My Dearest,
I know we said it would be best to have no contact, but I could not resist this chance to write. Know that I am well and hard at work on my reformation. In fact, my removal into the halls of daylight and respectability is being noted. I every day meet old acquaintances from the gaming rooms who wonder aloud where I have been and remark on what my absence may mean.
You may be sure that those feelings we spoke of during our brief, bright moment together remain true and strong.
Please write, if it is safe. If not, any word spoken to your seamstress will reach me. She is my sister, and you may trust her absolutely.
I am yours,
J.
***
“His sister!” Adele stared at the young woman in the plain black dress who sat across the paper-covered tea table from her. They sat together with their mass of sketches and notes in the cozy front parlor of Deborah Sewell’s house at No. 48 Wimpole Street.

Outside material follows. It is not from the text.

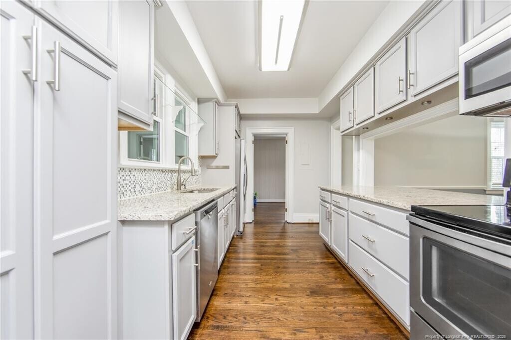 Nestled in the heart of Haymount, this stunning 1938 cottage boasts a seamless blend of historical charm and contemporary flair. With original solid oak wood floors running throughout, this home has been tastefully updated with modern touches. Ideally located within walking distance to downtown Fayetteville, Woodpecker Stadium, and an array of trendy restaurants and shops, this home is perfect for those seeking a vibrant and convenient lifestyle. Step inside and discover the elegant living area with access to the screened-in porch overlooking the backyard. The first floor also features a small office, and laundry room, providing ample space for work and play. Entertain in style with a formal dining room and fully-equipped gourmet kitchen, complete with all the latest appliances.The second floor is dedicated to the luxurious owner's suite, complete with a stunning ensuite bathroom. With over half an acre of land, the spacious backyard is perfect for hosting outdoor gatherings.
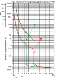 - Двигатели с большими пусковыми токами (подъемные механизмы, насосы) выключатели с характеристикой D.

“C’est vrai,” said Mademoiselle Marie, with a very Gallic shrug. “You will find, however, I am by far the more sensible of the two.”
His sister. Adele struggled to keep from repeating the words aloud. Of course she’d known Mademoiselle Marie’s surname was Beauclaire. It was a common enough name among the French émigrés of London, as was the combination of black hair and blue eyes. When Miss Sewell recommended the modiste’s assistant as their seamstress, Adele did admittedly hope the woman might have some connection with James. Perhaps she was a cousin. But sister? That much Adele had never suspected. James had not mentioned a sister, and neither had Miss Sewell, who, as a friend of James’s, must surely have known. And if Miss Sewell had known, she would have said something, wouldn’t she?
Mademoiselle Marie coughed. “I am charged to bring him a reply, if there is one.”
“I . . . Oh yes, I think there may be.” Adele made herself fold the letter and set it aside. “How . . . how is your brother? I have not seen him since our house party.”
“He is in excellent spirits and health,” Marie told her casually. “I attribute it to the new hours he keeps.”
“Oh?”
“Yes. He has turned from the gaming tables, you know, and become an investor in your great English stock market.”
“Really? How interesting.” Adele fought to keep her remarks conversational and was painfully aware that she failed. “And it agrees with him?”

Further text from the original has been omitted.